Backup & Recovery Service
Automated, immutable, and cross-region data protection with point-in-time recovery and guaranteed RPO/RTO metrics.
Overview
CloudNexus Backup & Recovery provides enterprise-grade data protection for all compute, storage, and database workloads. The service operates transparently in the background, leveraging incremental snapshots, deduplication, and automatic replication across availability zones and regions.
Designed for compliance and disaster recovery, the platform supports immutable backups, ransomware detection, and one-click restoration to any generation or timestamp.
Scheduled Snapshots
Automated incremental backups at configurable intervals (15min, 1h, 4h, daily, weekly). Consistent crash-safe snapshots via integration with guest agents.
Encryption & Immutability
All data is encrypted in-transit (TLS 1.3) and at-rest (AES-256-GCM). Optional WORM (Write-Once-Read-Many) locks prevent tampering or deletion within retention windows.
Cross-Region Replication
Automatic asynchronous replication to secondary regions. Isolated storage buckets ensure geographic redundancy without impacting primary performance.
Instant Restore
Mount snapshots directly to new instances or restore to original workloads with zero data loss. Point-in-time recovery supports granular file/database restoration.
Technical Specifications
| Parameter | Standard Tier | Enterprise Tier | Notes |
|---|---|---|---|
| Recovery Point Objective (RPO) | ≤ 60 min | ≤ 15 min | Configurable per workload |
| Recovery Time Objective (RTO) | ≤ 5 min | ≤ 90 sec | Excludes network transfer |
| Encryption Standard | AES-256-CBC | AES-256-GCM + KMS | BYOK supported |
| Retention Period | Up to 90 days | Up to 7 years | Compliance-ready |
| Replication Scope | Multi-AZ | Multi-Region (Active-Active) | Sync/Async options |
| Immutability (WORM) | Disabled | Enabled | Ransomware protection |
CLI & API Configuration
Configure backup policies using the CloudNexus CLI (`cln`) or REST API v2. Policies can be attached to individual instances, storage volumes, or applied globally via tags.

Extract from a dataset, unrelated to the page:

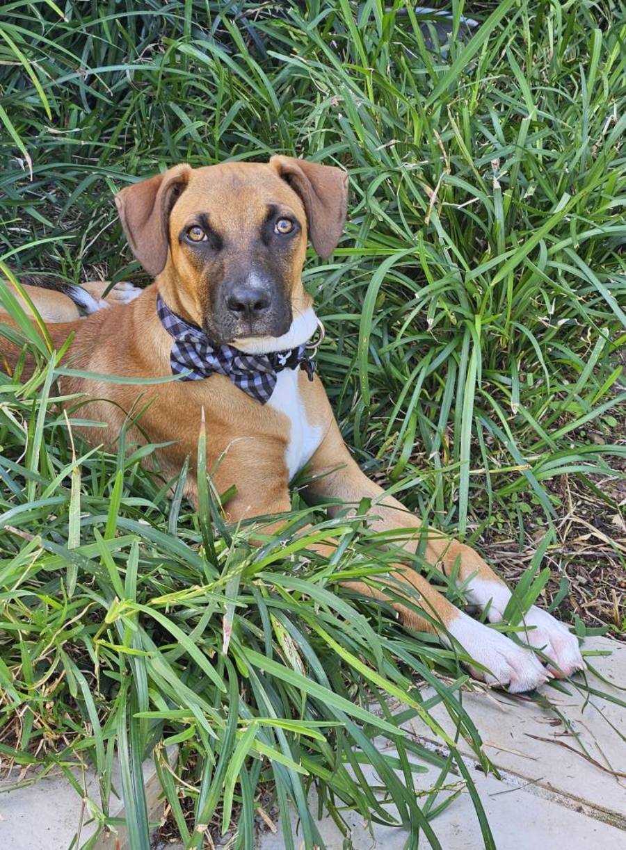 Meet Flynn, the handsome pup who is as sweet and clever as he looks! With his sleek tan coat, white paws, and soulful eyes, Flynn is sure to steal your heart. Whether he's lounging in the sun (one of his favorite pastimes!) or snuggling up, Flynn knows how to make every moment with him special.
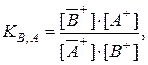 Ионообменный процесс можно рассматривать как гетерогенную химическую реакцию между активными группами ионообменника и ионами в растворе, протекающую в соответствии с законом действия масс. Поскольку ионный обмен – это гетерогенное равновесие, то оно, как и любое химическое равновесие, подчиняется общим термодинамическим закономерностям, поэтому выражение для истинной термодинамической (т.е. выраженной через равновесные активности) константы KВ, А этого рав-новесия имеет вид

# Create a backup policy with 15-min RPO and cross-region replication cln backup policy create --name prod-database-pit-15m \ --rpo 15m \ --retention 30d,12w,36m \ --replication us-east-1,eu-west-1 \ --immutable true \ --encryption aes-256-gcm # Attach to specific instances via tag cln instance tag --ids i-8f2a1, i-9c4d2 --policy prod-database-pit-15m
API Endpoint Reference
POST /v2/backup/policies — Create new backup policy
GET /v2/backup/snapshots — List all available snapshots with metadata
POST /v2/backup/restore — Trigger point-in-time or full snapshot restoration
Retention & Storage Tiers
Backups are automatically classified into storage tiers based on age and access frequency to optimize cost without compromising recoverability.
| Tier | Retention Window | Storage Cost/GB/mo | Restore Latency | Use Case |
|---|---|---|---|---|
| Standard | 1 - 30 days | $0.045 | < 30s | Operational recovery, PITR |
| Archive | 30 - 365 days | $0.012 | 1 - 5 min | Compliance, monthly/weekly retention |
| Deep Cold | 1 - 7 years | $0.004 | 15 - 60 min | Legal holds, long-term archival |
Note: Cross-region replication incurs an additional 0.02 USD/GB/month for secondary storage. Lifecycle policies automatically transition snapshots based on defined rules.
Disaster Recovery Runbook
For complete regional failures, CloudNexus supports automated failover orchestration. The DR controller validates backup integrity, provisions replacement infrastructure in the target region, and redirects traffic via DNS load balancers.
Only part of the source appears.